Keypoint detection outputs a set of labelled point locations — classically facial landmarks, human body joints, or hand joints. The standard benchmark is the COCO keypoint task (17 human body keypoints). Keypoints share much of the detection machinery: they can be framed as heatmap regression (one heatmap per keypoint class) or as points-on-detected-objects (detect the person, then regress keypoints inside the box).

Two further variants are worth naming. Oriented bounding box detection uses rotated rectangles rather than axis-aligned ones — needed for aerial imagery (DOTA benchmark), text detection, and industrial inspection. 3-D detection outputs cuboids in 3-D space rather than 2-D boxes; it is the standard formulation for autonomous-driving perception and is covered in Chapter 05 (3-D vision). The current chapter restricts attention to 2-D tasks on still images; video-specific detection (tracking, spatio-temporal action localisation) appears in Chapter 04.

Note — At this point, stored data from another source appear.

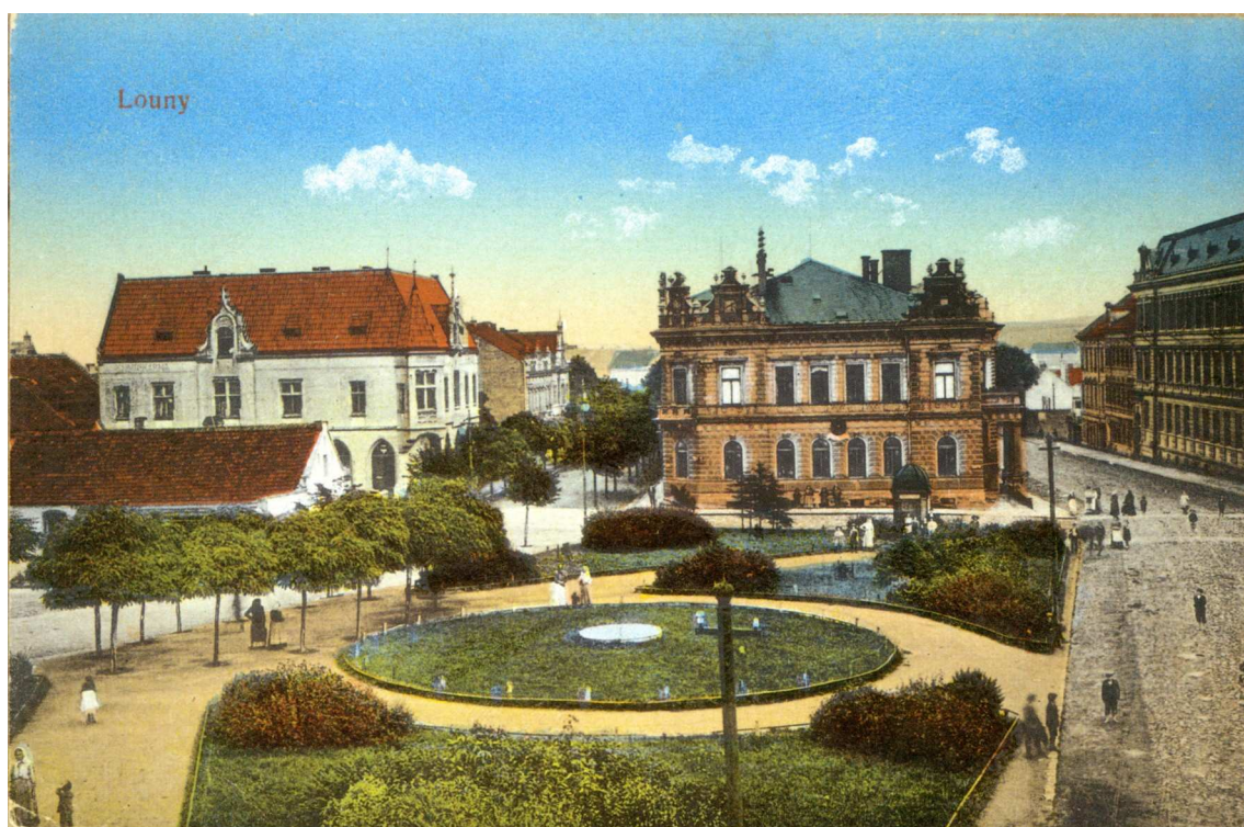
Park před sokolovnou na dobové pohlednici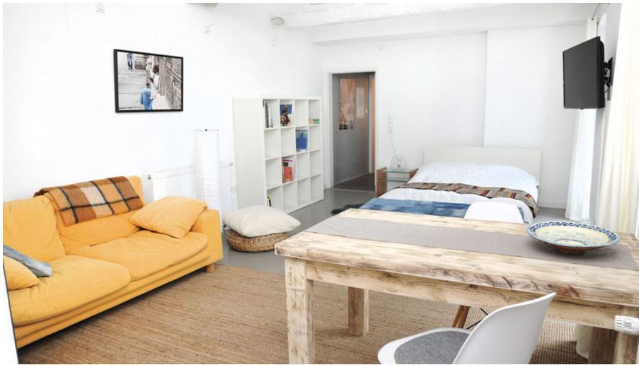
Ferienwohnung Sieveking u. Grünert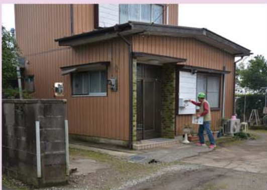
暮らしの便利帳 戸別配布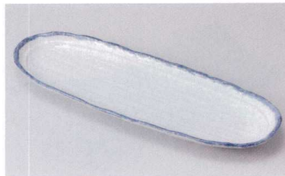
149-301-35 750円 瀏呉須楕円サンマ皿(大)(33.4×12×2.8) 514710235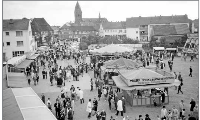
Der Kerweplatz Ende der 1960er Jahre auf den Rathauswiesen.

Der Erlös ist für die Anschaffung von Spielgeräten gedacht. Einlass für Verkäufer ist um 10.30 Uhr. Die Tischmiete beträgt 8,00 Euro. Anmeldung unter der Telefonnummer 06371 71851. Sie können beim Besuch gemütlich ein Kaffee trinken oder selbstgebackenen Kuchen und Pizza Waffeln essen.

The output format of each task determines almost everything about the corresponding architecture. Dense per-pixel tasks (segmentation) need a decoder that preserves or restores spatial resolution. Sparse per-object tasks (detection, keypoint) need a mechanism for proposing candidate locations and suppressing duplicates. The distinction between a dense head and a sparse head is the deepest architectural split in the chapter; once you recognise which side of it a given method is on, the rest of the design choices follow from it.

§3

Evaluation metrics

Detection and segmentation metrics are less obvious than classification's accuracy. A detector can be right about class but slightly off on the box; a segmentor can be right on most pixels but blur every boundary. The metrics were designed to reward the behaviours people actually want.

The foundational primitive is Intersection-over-Union (IoU), also called the Jaccard index. For two regions A and B, IoU = |A ∩ B| / |A ∪ B|, a number between 0 (disjoint) and 1 (identical). For bounding boxes the two regions are the axis-aligned rectangles; for segmentation they are pixel masks. IoU is the standard matching criterion between predictions and ground truth. A predicted box with IoU ≥ 0.5 against a ground-truth box of the same class is usually called a true positive at that threshold.

Average Precision (AP) is the area under the precision-recall curve for a single class at a fixed IoU threshold. Predictions are ranked by confidence, matched to ground-truth boxes in rank order, and P/R are computed at each rank; integrating P over R gives AP. mAP is AP averaged over classes. PASCAL VOC's legacy metric was AP@0.5: AP at IoU threshold 0.5.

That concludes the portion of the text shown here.